But as you make your way through the game, many smaller plagues begin to infect your system. Checkpoints, while appearing on a somewhat frequent basis, are ill-positioned. One objective had me escorting a slow, plodding tank from one point to another, and then protecting the tank from pink monster thingys as the tank did the work that Alex Mercer should be powerful enough to do anyways…and then repeating twice more. While the fact that the game has a handful of escort missions alone should be punishable with a spiked-mace lashing, that the game doesn’t place a checkpoint after the tank FINALLY arrives at its destination amplifies the frustration that stems from your inevitable death.

And you will fail. With great frequency. It’s as if the karma from the endless murdering of virtual citizens that didn’t have it coming was biting you in the ass. Enemies will swarm and fire at you from off the camera. Some enemies are genetically superior enough to smash 9/10s of your health in a single swipe or attack combination, even if Mercer is wearing his super-scabby-armour. One boss will unleash an attack that saps all but a thimble-full of health…in tandem with other homing projectiles…in tandem with respawning enemies ambushing you from behind. Prototype is certainly a game short in mercy, as there are numerous moments like such that are a great deal more frustrating than they ought to be. Thus, I found myself begging for the game to have cheat codes of some sort, only to be disappointed to find none. If the Grand Theft Auto games should’ve taught something to the world, it’s that sandbox games and cheat codes go together like peanuts and salt. Speaking of meals, instead of self-regenerating health, you heal by feasting on the innocent. And it becomes quite annoying to flee from the scene of a battle to look for a snack…especially since later missions surround you only with zombies that give you a single cashew’s worth of nutrition. Hence I would find myself at ground zero, trying to scrounge up as many zombie-treats as I can, while still being overwhelmed by the pink-thingys of death.

I resorted to strategy guides to discover the best means of accomplishing the game’s later objectives. Would you like to know the ideal strategies for the later sect of missions? Drive a tank to your objective, keep shooting your objective until your tank blows up, then…run away and find another tank to continue what you started. All of those elaborate super-powers that I spent my hard earned evolution points on were suddenly worth squat.

And the targeting system just isn’t sophisticated enough to handle the kind of chaos that the game promotes. Need health? Want to lock on to a human sandwich? Good luck with that, the targeting system is focusing on helicopters first. The worst case scenario of may be the game’s final boss. I discovered that the best way to defeat this adversary was to throw large chunks of explosive scenery in his direction. But you can’t pick up objects without first breaking your target-lock.
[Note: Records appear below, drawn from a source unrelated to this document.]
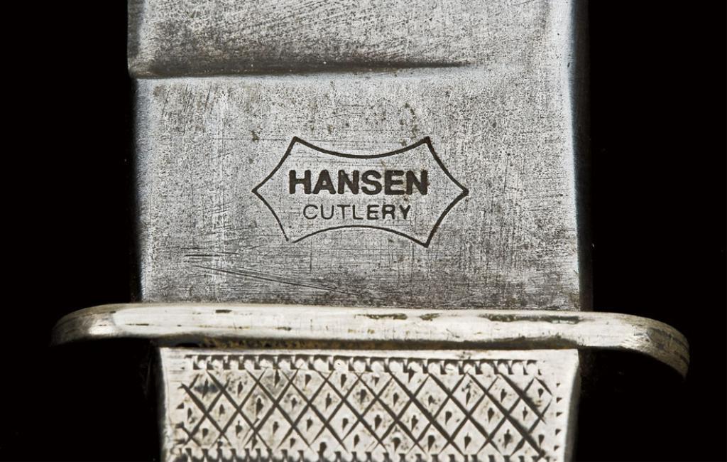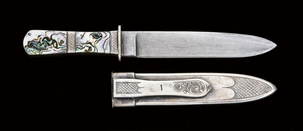 Modern California style dress dirk by Hansen cutlery with fancy engraved silver mounts, abalone scales and hand-engraved sterling marked scabbard. 9-3/4” overall with 6-1/16” spearpoint blade. Very well made and high quality throughout. Probably made in San Jose, circa approx. 1970’s. Hugh Hayes Collection. Est: $2,000 - $4,000
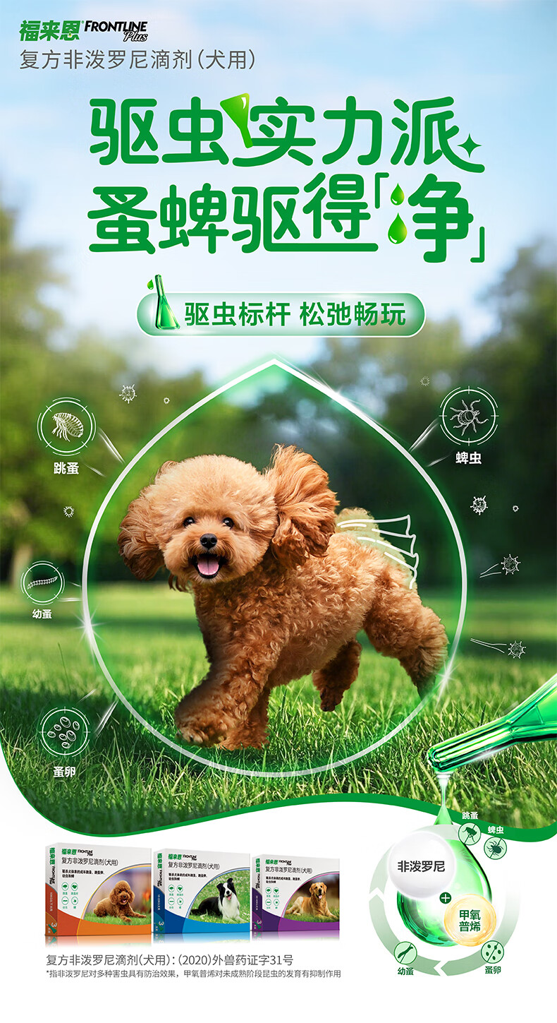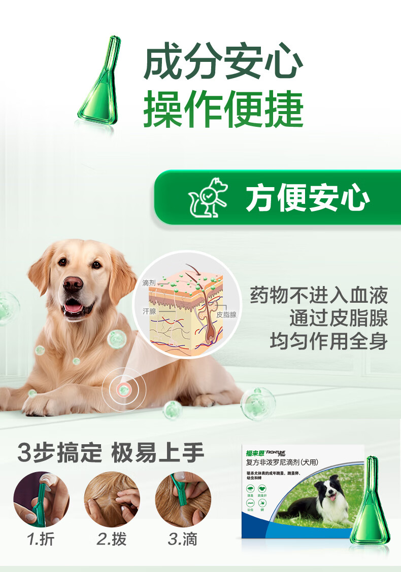 福来恩(FRONTLINE)狗狗进口驱虫药 小型犬去跳蚤蜱虫滴剂 0.67ml*3支装
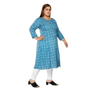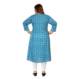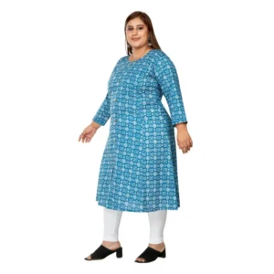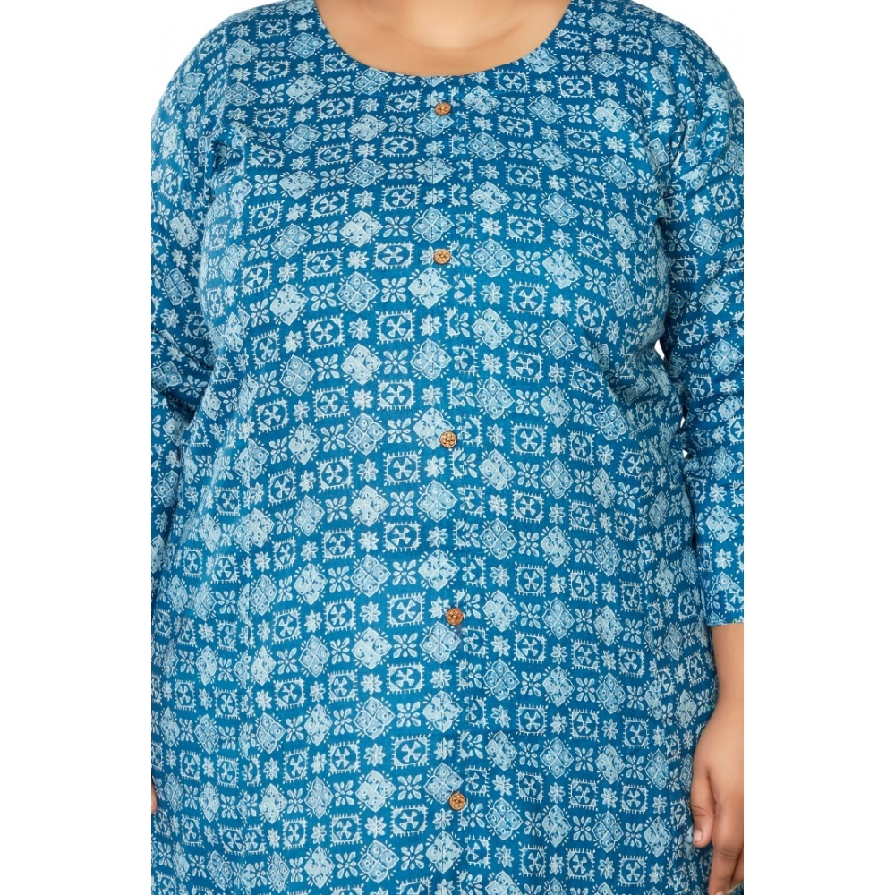 Generic Women’s Casual 3/4th Sleeve Regular Printed Pure Cotton Prince Cut A-Line Kurti (Blue)
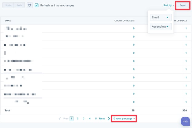 From this report, the client was able to quickly find which contacts were missing Deals or Tickets, and then organise appropriately to fix up.
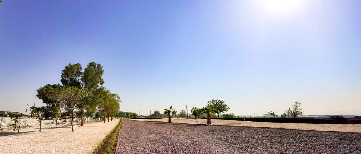 To boost both aesthetics and sustainability, underperforming plants beneath the Conocarpus trees in District One’s bicycle jogging track area have been replaced with decorative gravel.
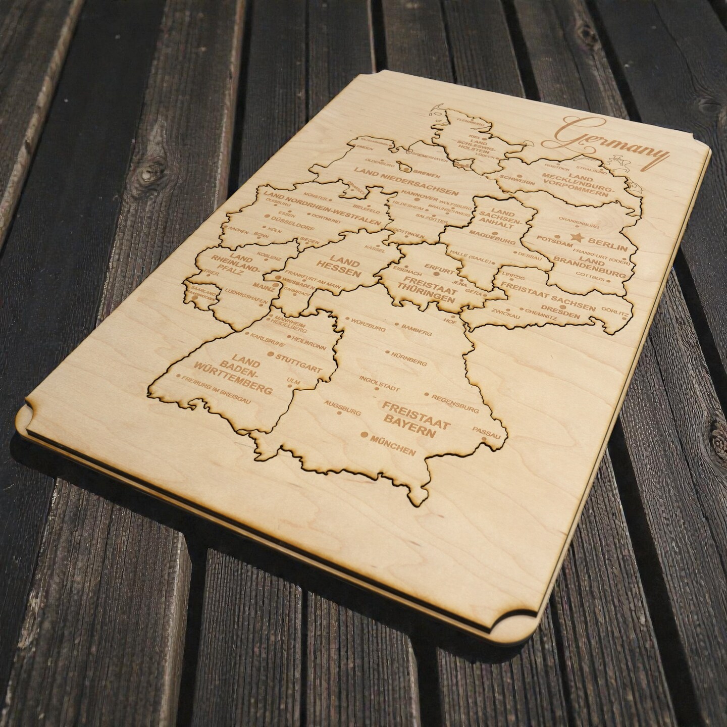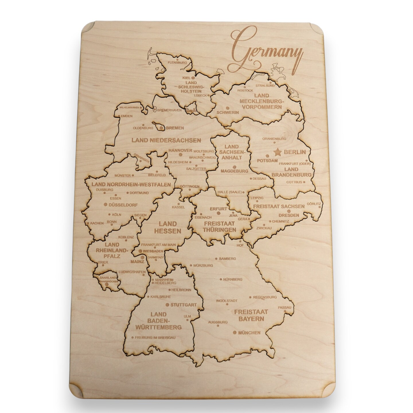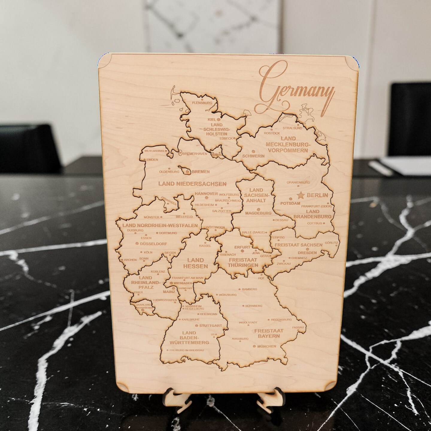 Germany Puzzle Map - Art Kit - Raw Wood 12x18 Inches - 16 Pieces - With Stand

So I release the lock, pick up a missile hoping he hasn’t cheap-shotted me from behind, and attempt to regain my lock so I can penetrate his backside with my newfould warhead. But you’ll have to scroll over the many smaller soldiers looming the battlefield first before the targeting system focuses on the final freaking boss, whom by then would’ve unleashed many health-draining attacks on Mister Mercer here.

I was not satisfied with myself when I finally finished the 6-7 hour campaign. I was not glad that I overcame this incredibly difficult beast of a game. Nor was I relieved that this frustrating challenge was out of my system and I could focus my attention on more relevant matters in life. No, I was angry at myself. I was mad that I didn’t just give up and spend my time on something more productive. I look back at those 6-7 hours with few kind memories, knowing that the only reason I finished the game was because I’m enough of a completionist to force myself into seeing Alex Mercer’s tale to its twisted end. Even writing this review has been a draining affair for me. The final verdict on Prototype? The campaign is vile, but the sandbox element is at least appealing enough to those that like…death. I stand that aimlessly ending the lives of fake people loses its luster within minutes, but I know that there are many people (of questionable morality) that beg to differ, so this is the game for those crazy diamonds.

3 stars

Wednesday, August 19, 2009

Marvel: Ultimate Alliance


The original Marvel: Ultimate Alliance was released in 2006, a simpler time for superheroes. Back then, superheroes weren’t at war with each other over some kind of ambiguous superhero registration act and the comics weren’t trying to reflect reality with a social commentary…or at least they weren’t as obvious. Ultimate Alliance took place back when Captain America was Steve Rogers and not the three or four people that have since tried to fill his HGH-filled shoes. And with the new Ultimate Alliance 2 game seeking inspiration from the heavy-handed Civil War, I can’t help but reflect on the original, more innocent Ultimate Alliance 1.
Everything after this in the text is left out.